Segundo o promotor de Justiça Edisson de Melo Menzes, o novo escritório se apresentava como independente e de boa-fé, mas mantinha ligações diretas com os investigados da fase inicial da operação, dando continuidade ao esquema.

Durante a ação, quatro veículos de luxo foram apreendidos em Lages. Conforme o Ministério Público, os automóveis pertencem ao advogado que teria assumido o comando do escritório ligado à organização criminosa após a primeira fase da investigação.

Além disso, a nova etapa revelou indícios de lavagem de dinheiro e obstrução da Justiça. Diante disso, a Vara de Organizações Criminosas determinou o bloqueio de valores que podem chegar a R$ 9 milhões, além de outras medidas cautelares.

Entre as determinações judiciais estão o monitoramento eletrônico de investigados, a suspensão de atividades de empresas envolvidas e a proibição de solicitação ou recebimento de valores por meio de alvarás judiciais ligados às empresas de fachada.

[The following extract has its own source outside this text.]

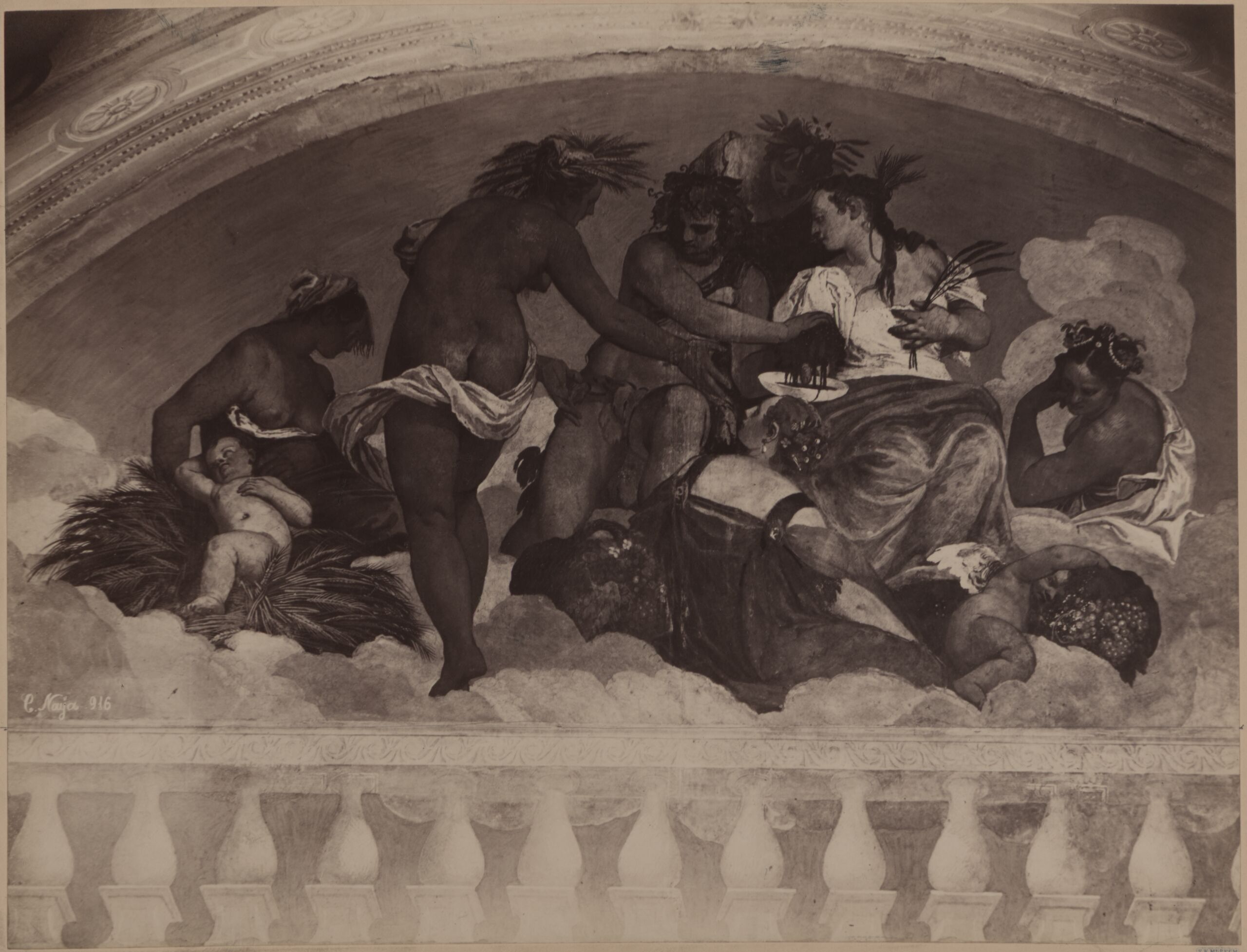 photograph, Fotografie eines Freskos in der Villa Barbaro in Maser von Paolo Veronese, Carlo Naya, MAK Inv.nr. KI 4067-16

Ao todo, quatro advogados estão entre os principais alvos da operação, com o acompanhamento de representantes da Ordem dos Advogados do Brasil (OAB) durante o cumprimento dos mandados.

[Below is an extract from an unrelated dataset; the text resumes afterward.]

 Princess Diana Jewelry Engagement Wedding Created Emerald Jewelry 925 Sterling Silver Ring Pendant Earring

A Operação Entre Lobos investiga um esquema criado para aplicar golpes contra idosos por meio da compra de cessões de créditos judiciais, especialmente em ações bancárias. Segundo o Ministério Público, empresas de fachada eram utilizadas para dar aparência de legalidade às transações.

A investigação segue em sigilo e novas diligências não estão descartadas, inclusive para identificar outros possíveis envolvidos e apurar se o esquema pode ter feito ainda mais vítimas.